On Having a Work

I was fascinated with the book Working It Out not because it discussed womens’ right to work but to have a work. This is what was missing from my academic training. I learned very well how to do the work and how to work, and how to produce work, but I did not learn that I could have a work.

When I was a child, so to speak, the perceived priorities were to pass, to have employment, to survive. That, it was explained, meant producing work which would please others. One was to produce research, of course, and it was to be new and original, but the point was to produce something acceptable, not something of one’s own. There is an important difference.

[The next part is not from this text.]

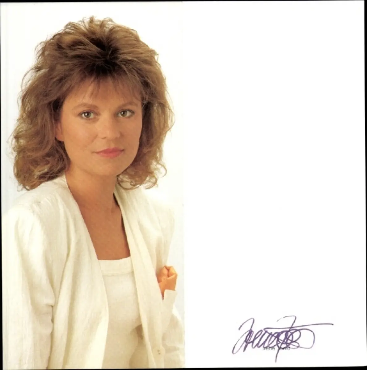 Autogrammkarte Moderatorin Irene Joest, Portrait, Autogramm
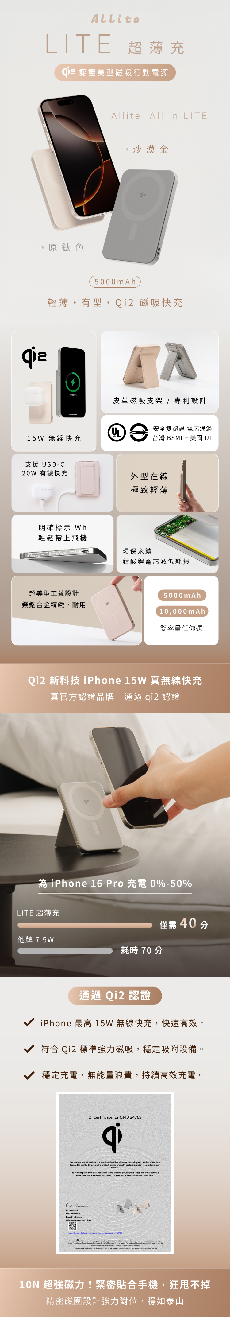 LITE 超薄充 5000 mAh Qi2 磁吸支架行動電源( 產品標示 Wh,可帶上飛機 )| Allite

I was quite good at producing acceptable things which were also of interest to me, for quite a long time. In return for this activity, I received very desirable living situations. In a way this was something like working for the Opus Dei (!) — you compromise, you do good and interesting work, but you do it on someone else’s agenda; you live well. The trouble I got into later involved Reeducation, which we have already discussed extensively, but also these elements:

♦I found myself desirous of a work of my own, and tried to suppress it because I thought that was what one must do;
♦I tried to force work that was not really my own, and found I no longer could;
♦I perceived that in exchange for this work, I might not receive a more desirable living situation (to me), but in fact a less desirable one; and
♦due to the impression that I had no right to a work of my own, I was able to see myself as an aspirant to the field but not as a person working in it, working at the center of my work —
♦because, as we know, I did not think of myself as having legitimate work of my own but as producing work which might be acceptable to others, on the strength of which I might live.

We were not raised to have nearly enough confidence. Part of the reason I have wanted to change fields for so long is that I can visualize myself  as having “a work” in the new field much more easily than I can in this one where, for historical reasons, I have so many blocks. I do not know whether I can make the change but I am using the idea of it at the very least to re-conceptualize myself, not only as a competent and legitimate worker but as someone who has a work and deserves to have one.

For reasons I do not fully understand I have spent a large part of my life being disbelieved and mistrusted — an odd thing since in fact I am honest and “sincere to a fault,” as someone once said. I have internalized this mistrust, and it is what I would like to shed. I think this is a really important post that does not apply only to adjuncts.

Axé.


2 thoughts on “On Having a Work

  1. It’s becoming clearer and clearer to me that we are all suffering from the same thing: tremendous ego deflation. I just read a piece about the ego bashing that plain looking nerdy Asian men endure in their social lives, for instance. No one really cares that they are living in Hell.

    Funny, I have a friend who is the most honest person I know. Everyone thinks he is dishonest. I thought that until I got to know him extremely well. But it is really that he is naive and imagines that people will take him at face value for what he is and so they always think he is trying to hide things and is using a show of honesty as a cover-up for his underhandedness.

    Does that make sense?

    1. Yes, but it seems our culture thinks ego deflation is good (except when it does an about face believes in “self esteem” instead, of course). But you’re right, that’s what we’re suffering from. We have to cure this somehow.

      Honesty, maybe it’s that in my case, too. I also think people don’t want to hear the truth or see a comparison to their own lack of sincerity.

      I note too that if I give a recommendation people often think it makes sense and follow it like it, and then others think I manipulated them into doing what I said!